The answer is the full listing restated exactly, without any pictures.

━━━━━━━━━━━━━━━━━━━━

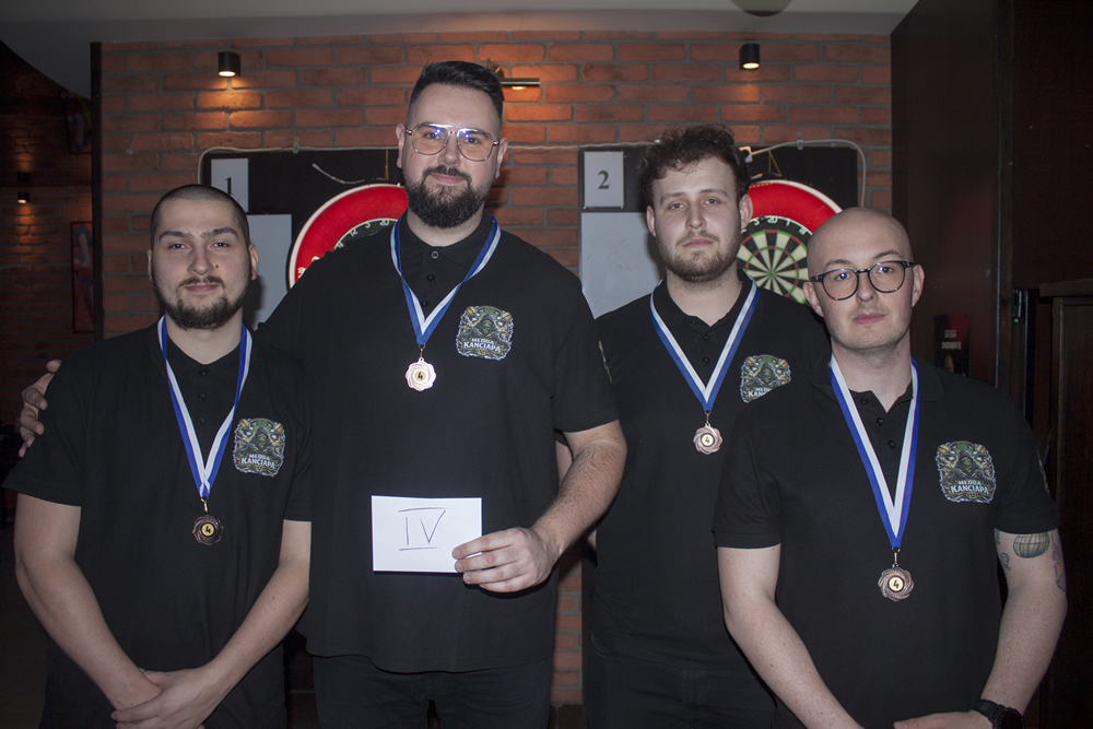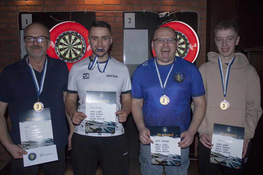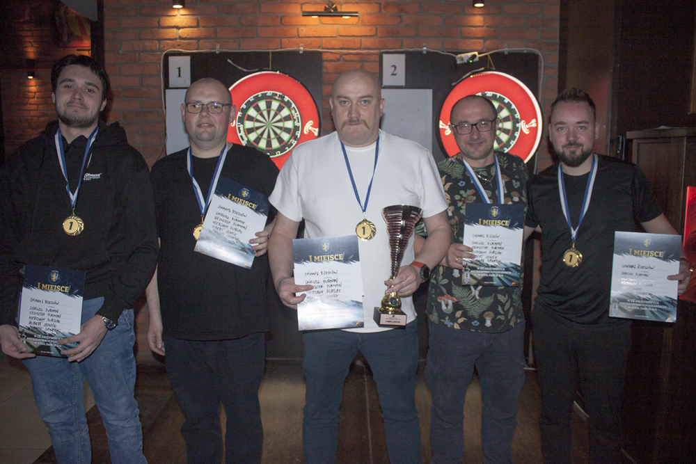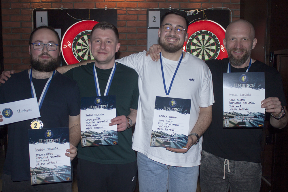 Pierwszy półfinał można określić przedwczesnym finałem. Na papierze – dwóch faworytów, a zwyciężyć mogła tylko jedna ekipa. Zmiana! Rzeszów i Dart Krosno przez 6 legów walczyli łeb w łeb, lecz ostatnie dwa legi to pokaz umiejętności ekipy z Rzeszowa i to oni drugi rok z rzędu znaleźli się w finale. Wynik: 5:3. W drugim półfinale ekipa Random Rzeszów górowała nad Młodą Kanciapą, która ugrała tylko jednego lega. Wynik: 5:1. Jedyny w roku mecz o 3. miejsce zwyciężyli zawodnicy Dart Krosno. Finał to piękny start Zmiany! Rzeszów – trzy pierwsze legi na ich korzyść, ale 14. lotka ekipy Random dała nadzieję na zmianę wyniku. W kolejnym legu dorzucili 17. lotkę i ten piękny sen mógł trwać dalej. Filip Kula jednak chybił w środek przy zamknięciu 167 punktów (i 18. lotki), przez co leg powędrował do obrońców tytułu. Ostatecznie Zmiana! Rzeszów zwyciężyła z ekipą Random Rzeszów 5:2 i tym samym obroniła tytuł sprzed roku. Dla całej czwórki przygotowaliśmy pamiątkowe medale, najlepsze trzy miejsca otrzymały dyplomy, a na ręce zwycięskiej drużyny wylądował puchar Drużynowych Mistrzów Podkarpacia.
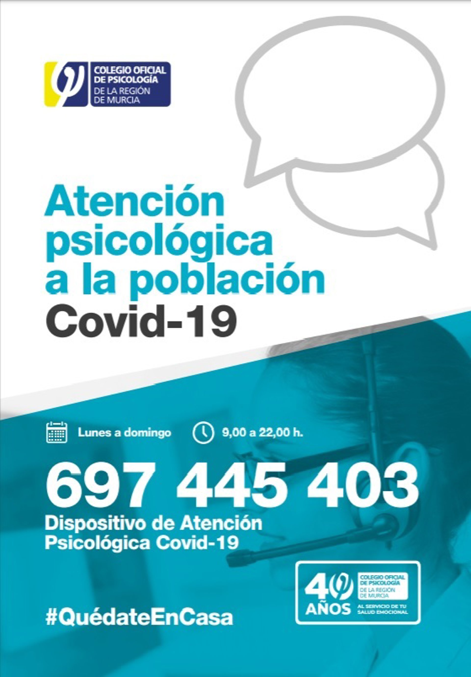 Cabe recordar que, desde que se declaró el estado de alarma el pasado 13 de marzo, la Junta de Gobierno del Colegio Oficial de Psicología de la Región de Murcia comenzó a diseñar un dispositivo de atención psicológica dirigida a atender las dificultades que a nivel emocional y psicológico pudieran tener diferentes sectores de la población.
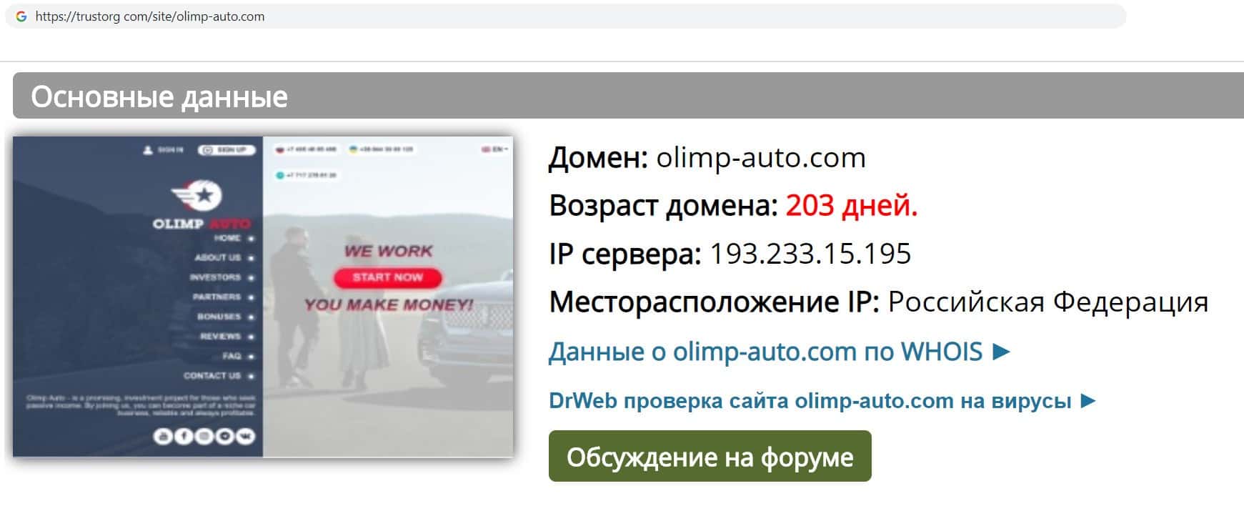 С помощью интернет ресурса "Доверие в Сети" мы узнали о возрасте компании Олимп Авто. Как оказалось, фирма существует менее года, это даёт нам понять, что это очередной хайп проект.
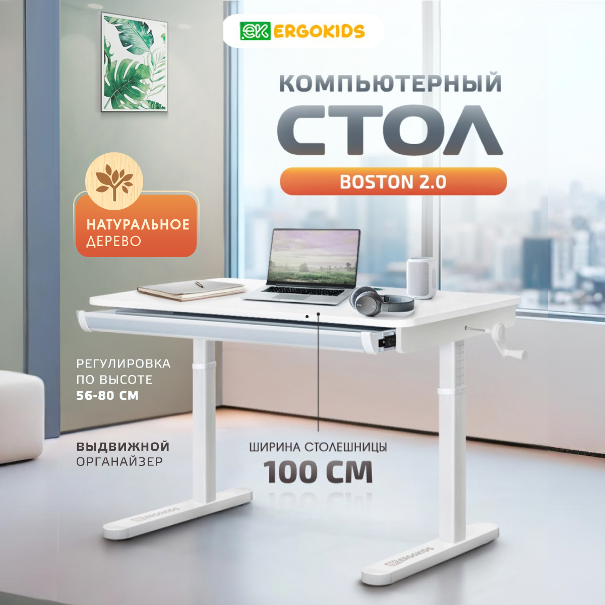Регулируемый стол-парта для школьника или первоклассника Boston 2.0 шириной 100 см, глубиной столешницы 60 см c максимальной высотой 80 см станет универсальным помощником для вашего ребенка.
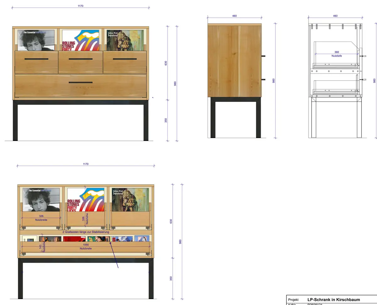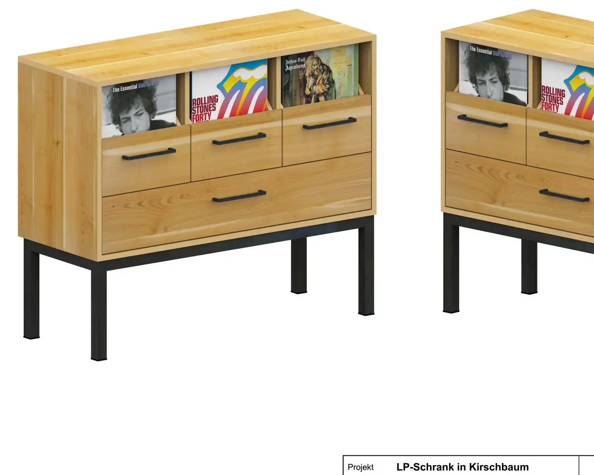So wird der Kirschbaum-Schallplattenschrank bald in Bamberg stehen: 3 Plattenschubladen oben, drei geschlossene unten, Rohstahlgriffe und Füße
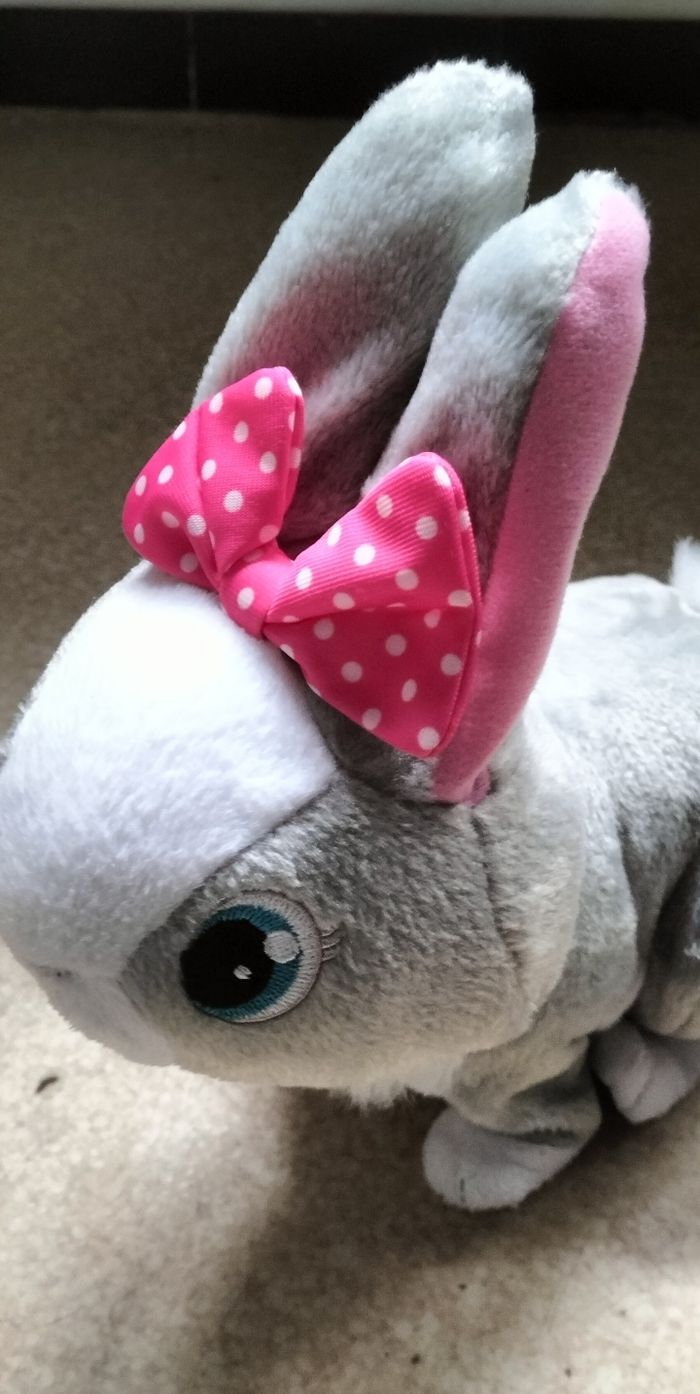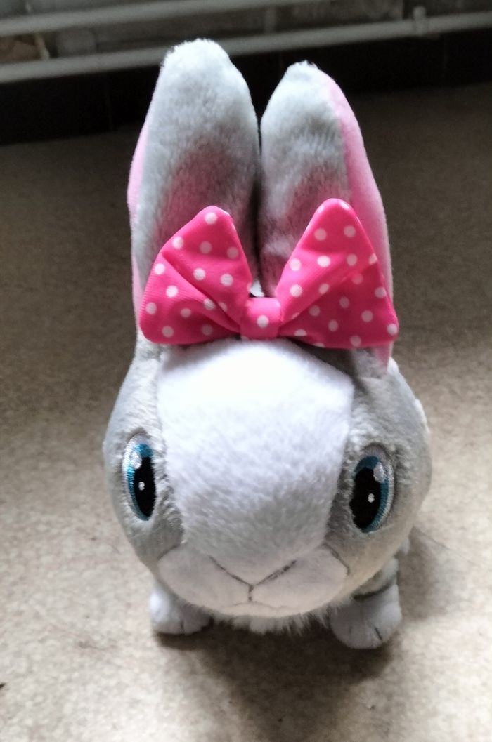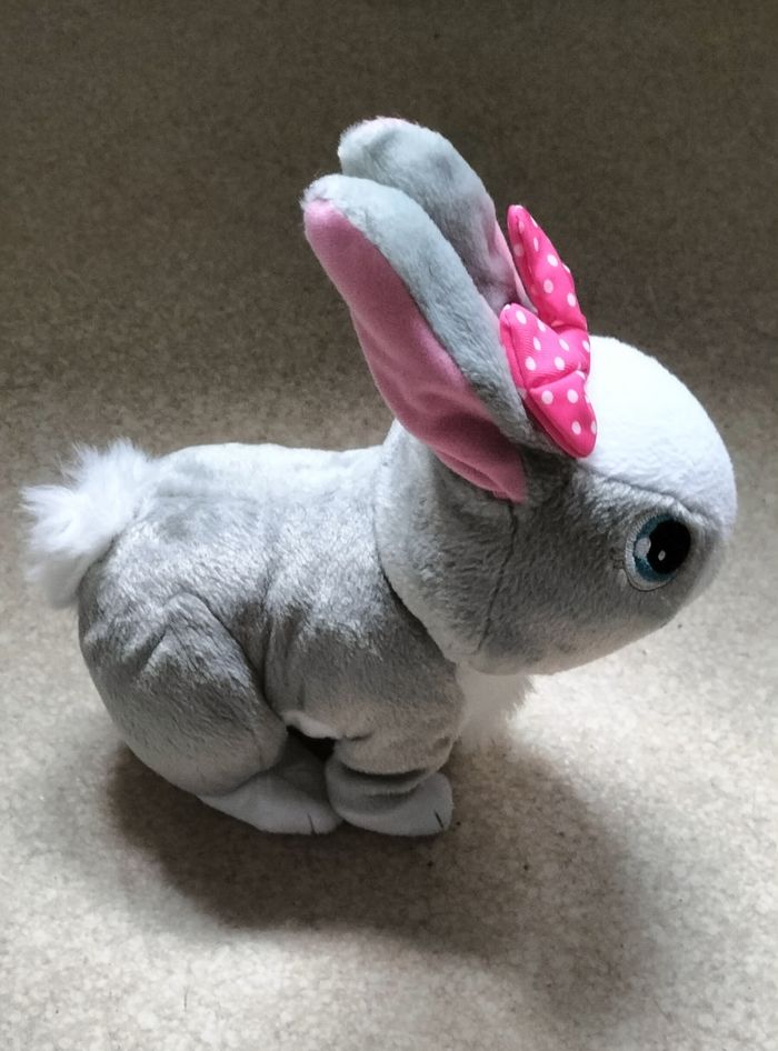 Betsy est une adorable petite lapine qui fait des sons amusants. Cette peluche interactive saute bouge les oreilles comme une vraie petite lapine et elle adore quand vous la caressez. Très bon état Marque IMC toys 10€
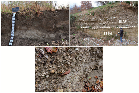The third generation of AF, unlike the other two, is present also on the right Calore valley side (Figure 4a) and corresponds to the fourth generation of Amato et al. [15]. It consists of alluvial fans made of gravelly-sandy deposits with heterometric, sub-angular to sub-rounded pebbles, containing paleosols, archaeological remains and recent anthropic artifacts (Figure 8c). The deposits of this generation of AF cover T1 and T2 terraces and, in some places, interfinger with the T2 deposits (Figure 4b). This generation of AF is chronologically constrained to the Holocene.
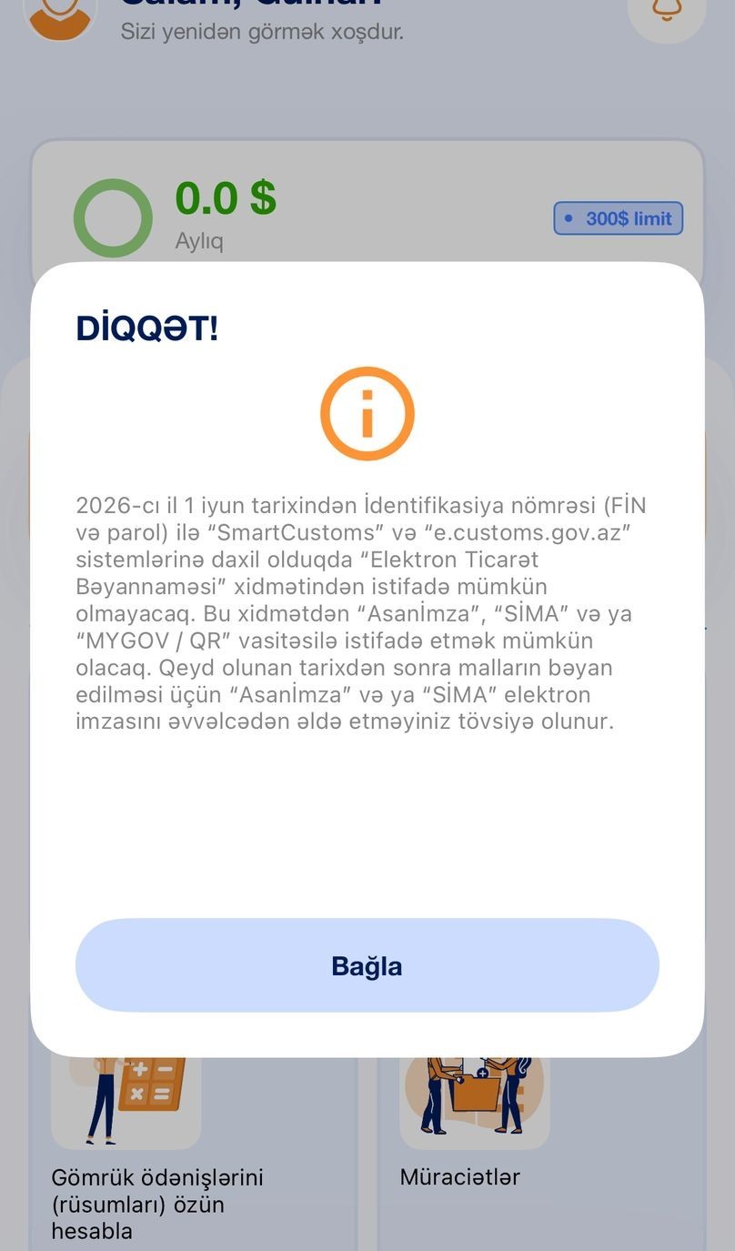 “2026-cı il 1 iyun tarixindən identifikasiya nömrəsi (FİN və parol) ilə “SmartCustoms” və “e.customs.gov.az” sistemlərinə daxil olduqda “Elektron Ticarət Bəyannaməsi” xidmətindən istifadə mümkün olmayacaq. Bu xidmətdən “Asanİmza”, “SİMA” və ya “MYGOV / QR” vasitəsilə istifadə etmək mümkün olacaq. Qeyd olunan tarixdən sonra malların bəyan edilməsi üçün “Asanİmza” və ya “SİMA” elektron imzasını əvvəlcədən əldə etməyiniz tövsiyə olunur”.

━━━━━━━━━━━━━━━━━━━━

Completed task -
 Pierwszy półfinał można określić przedwczesnym finałem. Na papierze – dwóch faworytów, a zwyciężyć mogła tylko jedna ekipa. Zmiana! Rzeszów i Dart Krosno przez 6 legów walczyli łeb w łeb, lecz ostatnie dwa legi to pokaz umiejętności ekipy z Rzeszowa i to oni drugi rok z rzędu znaleźli się w finale. Wynik: 5:3. W drugim półfinale ekipa Random Rzeszów górowała nad Młodą Kanciapą, która ugrała tylko jednego lega. Wynik: 5:1. Jedyny w roku mecz o 3. miejsce zwyciężyli zawodnicy Dart Krosno. Finał to piękny start Zmiany! Rzeszów – trzy pierwsze legi na ich korzyść, ale 14. lotka ekipy Random dała nadzieję na zmianę wyniku. W kolejnym legu dorzucili 17. lotkę i ten piękny sen mógł trwać dalej. Filip Kula jednak chybił w środek przy zamknięciu 167 punktów (i 18. lotki), przez co leg powędrował do obrońców tytułu. Ostatecznie Zmiana! Rzeszów zwyciężyła z ekipą Random Rzeszów 5:2 i tym samym obroniła tytuł sprzed roku. Dla całej czwórki przygotowaliśmy pamiątkowe medale, najlepsze trzy miejsca otrzymały dyplomy, a na ręce zwycięskiej drużyny wylądował puchar Drużynowych Mistrzów Podkarpacia.
 Cabe recordar que, desde que se declaró el estado de alarma el pasado 13 de marzo, la Junta de Gobierno del Colegio Oficial de Psicología de la Región de Murcia comenzó a diseñar un dispositivo de atención psicológica dirigida a atender las dificultades que a nivel emocional y psicológico pudieran tener diferentes sectores de la población.
 С помощью интернет ресурса "Доверие в Сети" мы узнали о возрасте компании Олимп Авто. Как оказалось, фирма существует менее года, это даёт нам понять, что это очередной хайп проект.
Регулируемый стол-парта для школьника или первоклассника Boston 2.0 шириной 100 см, глубиной столешницы 60 см c максимальной высотой 80 см станет универсальным помощником для вашего ребенка.
So wird der Kirschbaum-Schallplattenschrank bald in Bamberg stehen: 3 Plattenschubladen oben, drei geschlossene unten, Rohstahlgriffe und Füße
 Betsy est une adorable petite lapine qui fait des sons amusants. Cette peluche interactive saute bouge les oreilles comme une vraie petite lapine et elle adore quand vous la caressez. Très bon état Marque IMC toys 10€
The third generation of AF, unlike the other two, is present also on the right Calore valley side (Figure 4a) and corresponds to the fourth generation of Amato et al. [15]. It consists of alluvial fans made of gravelly-sandy deposits with heterometric, sub-angular to sub-rounded pebbles, containing paleosols, archaeological remains and recent anthropic artifacts (Figure 8c). The deposits of this generation of AF cover T1 and T2 terraces and, in some places, interfinger with the T2 deposits (Figure 4b). This generation of AF is chronologically constrained to the Holocene.
 “2026-cı il 1 iyun tarixindən identifikasiya nömrəsi (FİN və parol) ilə “SmartCustoms” və “e.customs.gov.az” sistemlərinə daxil olduqda “Elektron Ticarət Bəyannaməsi” xidmətindən istifadə mümkün olmayacaq. Bu xidmətdən “Asanİmza”, “SİMA” və ya “MYGOV / QR” vasitəsilə istifadə etmək mümkün olacaq. Qeyd olunan tarixdən sonra malların bəyan edilməsi üçün “Asanİmza” və ya “SİMA” elektron imzasını əvvəlcədən əldə etməyiniz tövsiyə olunur”.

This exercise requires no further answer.